*Work order*: The records are to be copied word for word, and the pictures dropped.

-=-=-=-=-

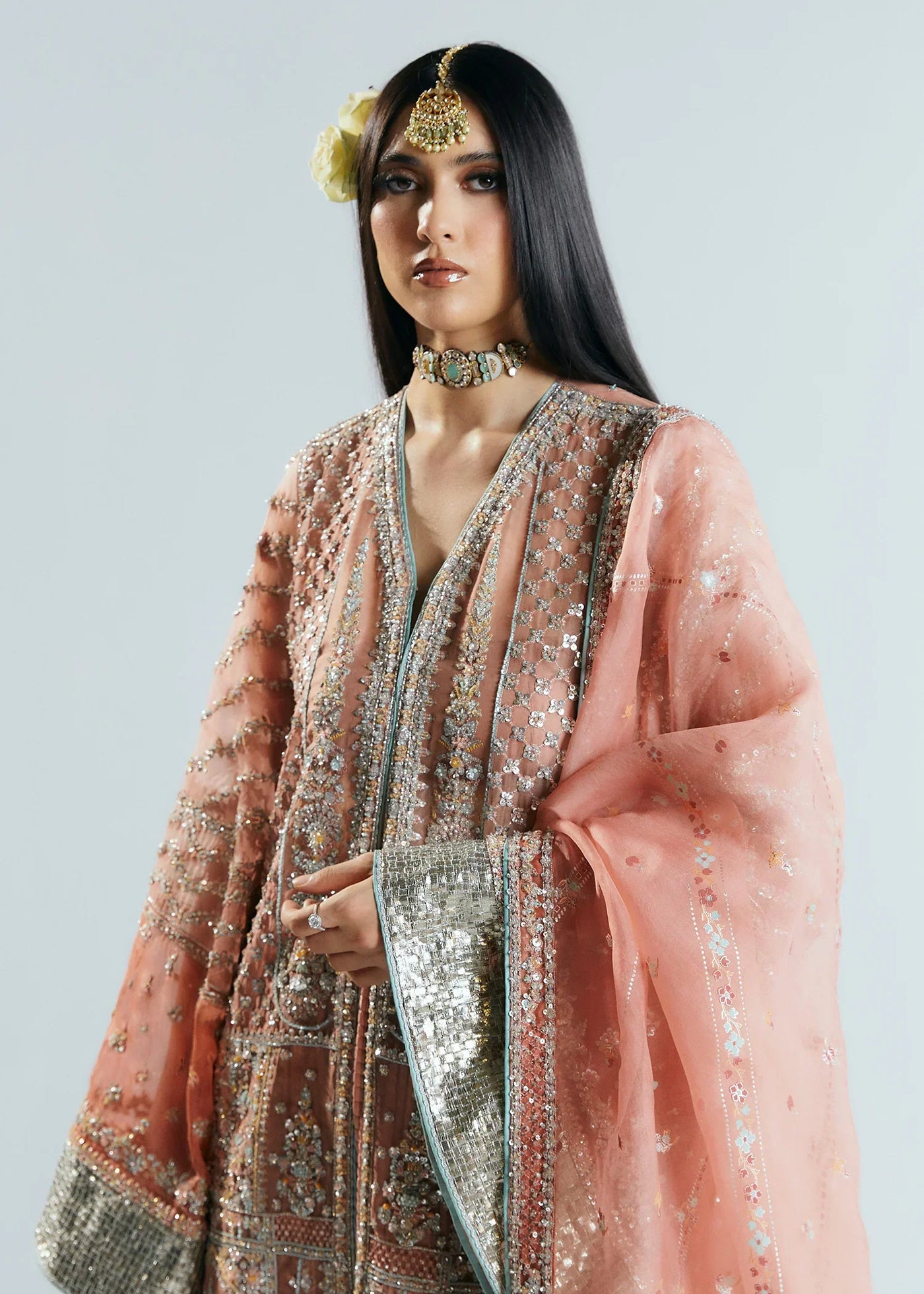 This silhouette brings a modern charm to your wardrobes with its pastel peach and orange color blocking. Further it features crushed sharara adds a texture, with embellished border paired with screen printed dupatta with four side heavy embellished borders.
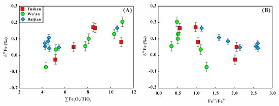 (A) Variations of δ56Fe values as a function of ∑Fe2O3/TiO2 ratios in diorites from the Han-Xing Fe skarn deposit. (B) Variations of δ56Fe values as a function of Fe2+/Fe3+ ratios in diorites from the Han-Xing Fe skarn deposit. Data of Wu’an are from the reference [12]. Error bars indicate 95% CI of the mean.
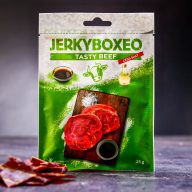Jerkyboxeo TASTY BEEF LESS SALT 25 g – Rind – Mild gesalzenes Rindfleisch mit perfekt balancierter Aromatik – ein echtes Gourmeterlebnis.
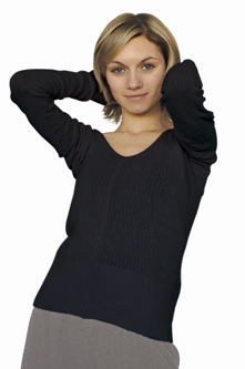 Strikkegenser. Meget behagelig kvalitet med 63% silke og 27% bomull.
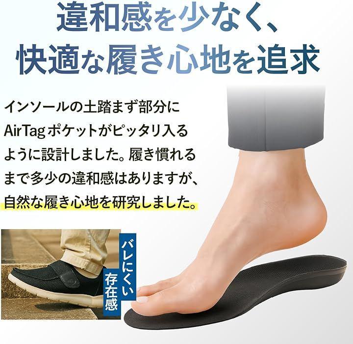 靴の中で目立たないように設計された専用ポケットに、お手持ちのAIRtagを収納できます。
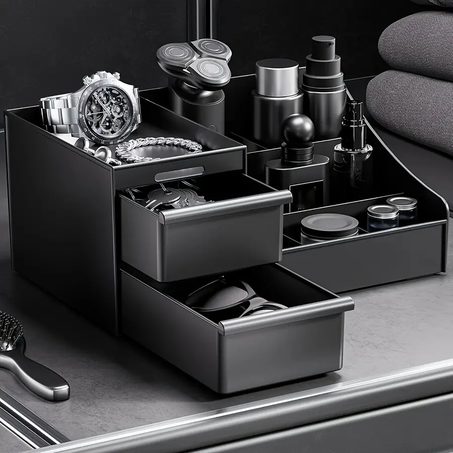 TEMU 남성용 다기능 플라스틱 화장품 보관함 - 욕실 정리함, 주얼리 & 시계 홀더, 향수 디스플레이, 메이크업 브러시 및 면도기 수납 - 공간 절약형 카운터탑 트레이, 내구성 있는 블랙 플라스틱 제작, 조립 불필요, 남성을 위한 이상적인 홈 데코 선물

-=-=-=-=-

*Task solution*:
 This silhouette brings a modern charm to your wardrobes with its pastel peach and orange color blocking. Further it features crushed sharara adds a texture, with embellished border paired with screen printed dupatta with four side heavy embellished borders.
 (A) Variations of δ56Fe values as a function of ∑Fe2O3/TiO2 ratios in diorites from the Han-Xing Fe skarn deposit. (B) Variations of δ56Fe values as a function of Fe2+/Fe3+ ratios in diorites from the Han-Xing Fe skarn deposit. Data of Wu’an are from the reference [12]. Error bars indicate 95% CI of the mean.
Jerkyboxeo TASTY BEEF LESS SALT 25 g – Rind – Mild gesalzenes Rindfleisch mit perfekt balancierter Aromatik – ein echtes Gourmeterlebnis.
 Strikkegenser. Meget behagelig kvalitet med 63% silke og 27% bomull.
 靴の中で目立たないように設計された専用ポケットに、お手持ちのAIRtagを収納できます。
 TEMU 남성용 다기능 플라스틱 화장품 보관함 - 욕실 정리함, 주얼리 & 시계 홀더, 향수 디스플레이, 메이크업 브러시 및 면도기 수납 - 공간 절약형 카운터탑 트레이, 내구성 있는 블랙 플라스틱 제작, 조립 불필요, 남성을 위한 이상적인 홈 데코 선물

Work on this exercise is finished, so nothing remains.